ヨーロッパでは、色々な業務を抱えてしまった銀行はスリム化を求められているそうです。規模と複雑さを求めるのであれば資本を積みましてその費用を負担するように求められていることは、昨日の夕方掲載した記事にも書いてありました。それを避けるために資産の売却を行い、政府から提供された資金を返却し、健全な状態になることは当然のことでしょう。この記事はその帰結として一つのリスクを提示しています。規模が小さくなることで国際業務ができなくなるのではないかということです。これに関しては、私自身まだ考えがあまりまとまっていません。ただ、全ての銀行が国際業務を行う必要はないとは思います。以前ニューヨークに支店を持っている日本の地方銀行が20行以上あった時代があります。地方銀行が国際銀行業務を行う必要があるのでしょうか。地元の企業の海外進出を助けるため、というお題目は分かりますが、果たして費用に見合うものなのでしょうか。国際業務は、大きすぎて潰せない銀行がそれなりの費用を払って行えばいいように思います。
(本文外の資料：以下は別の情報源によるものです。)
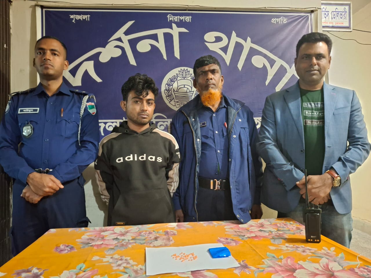 দর্শনা থানা পুলিশের অভিযানে ৫২ পিস ইয়াবা ট্যাবলেটসহ শান্তিপাড়ার মাদক ব্যবসায়ী বিপ্লব (২৮) গ্রেফতার হয়েছেন। গত শুক্রবার দিবাগত রাত পৌঁনে ১টার দিকে তাকে গ্রেফতার করা হয়। গ্রেফতারকৃত হাবিবুর হাকিম ওরফে বিপ্লব (২৮) দর্শনা পৌর এলাকার শান্তিপাড়ার আকরাম খাঁর ছেলে। পুলিশ জানায়, গোপন সংবাদের প্রেক্ষিতে থানার এসআই মাসুদুর রহমান সঙ্গীয় ফোর্স দর্শনা পৌরসভাধীন পাঠানপাড়া ও ইসলাম বাজারে অভিযান চালায়। এসময় শান্তিপাড়া সড়কের সুগন্ধা মাঠ সংলগ্ন পাকা রাস্তার উপর থেকে হাবিবুর হাকিম ওরফে বিপ্লবকে (২৮) অবৈধ মাদকদ্রব্য ৫২ পিস ইয়াবা ট্যাবলেটসহ গ্রেফতার করেন।

この点に関しては今後ももう少し掘り下げてみたいと思います。

=========================== (本文) =========================

ING breaks up – Slimming cures

INGの解体 − ダイエット療法

 

ヨーロッパの銀行の大規模な解体は続く

 

ヨーロッパの銀行のプレゼンテーションは、かつては資産が心地のよい上昇曲線をたどるグラフで溢れていた。欧州委員会の慈悲よって、現在では不快感を覚えるほど下降方向に傾いている。

 

10月28日に委員会は昨年英国によって国有化されたノーザン・ロックを二つに分割することを承認した。さらに大きな驚きだったのは、オランダの大手銀行INGが自らを分解することをこの2日前に発表したことだ。銀行と保険部門で分割し、後者をアメリカのオンライン銀行の関連会社に売却するというものだ。そして同行のバランス・シートの規模は半分に縮まる。そのような食肉解体のようなことは予想していなかった。当初の銀行の「基本業務に立ち返る」という案は、事業の規模をサラミのように薄く切り分け、2-30億ユーロ(3-45億ドル)の規模にすることを引き起こした。

 

委員会の競争監視機関は、しかしながら、INGは二度救済されたことに対する費用を支払うべきだと主張する。オランダ政府は2008年10月に100億ユーロを同行に注入している。その後、1月には、INGの280億ユーロにのぼる不良資産のポートフォリオを受け取った。現在、同行は政府に対してこれらの資産に対する「保険」として13億ユーロの追加費用を支払い、その事業の大部分を切り落とす必要性に迫られる状態になってきている。「INGは強制された解体を、基本に立ち返るための次の一手として位置づけようと試みている。しかしそのような類のものではない」と、格付け機関、CreditSightsのアナリストは書いている。「これ欧州委員会によって強制された屈辱的な譲歩だ。」

 

保険と銀行の事業を分割したことはINGにとってよい結果をもたらすだろう。歴史的にみて同行の市場価値は、部分的な価値を合計したものよりも低い状態が続いている。保険は年金を銀行の支店で販売する案は期待の成果を挙げていない。保険業を伴っている他の銀行も同様に苦しんでいる。規制当局が両方の事業に対して資産を積みますように圧力をかけていることが大きな理由だ。

 

INGの将来にとってもっと大きな問題となるのは片手を後ろに回したままで競争をしなければいけなくなることだ。委員会は動向が最も競争力の高い価格を提示することを禁止した。そのような政府の援助が付された制限された状態では、銀行にとって最良の手は政府の配下から身をくねらせて抜け出すことである。同行は75億ユーロの株式を売却し、政府の資金の半分を返済しようと考えている。

 

既に決定されているドイツのコメルツ銀行の縮小とともに、INGやノーザン・トラストの再建は、委員会の監視機関がヨーロッパのそれぞれの国の最大手の銀行の規模を切り下げることを断固として行うことを強く指し示すものである。英国政府から多額の救済を受け取っているロイヤル・バンク・オブ・スコットランドやロイド・バンキング・グループは、いずれも大規模な売却を強いられることが予想されている。

 

ヨーロッパの銀行市場がさらに活気を持つことは悪いことではない。しかし、銀行の規模を縮めることによって国境を越えた銀行業務に予期しない損害がもたらされるリスクを委員会は負っている。委員会の高官は、利益が出ているのであれば国境を越えた事業を続けることを銀行に対して助長していると主張する。しかし、法律事務所、デチャートの競争の専門家であるピエール・ルイスは思い悩んでいる。ヨーロッパにおいて一つにまとまっている銀行の市場は、「関係のない第三者」であり、最終的にはさらに傷ついていくことになるかもしれない。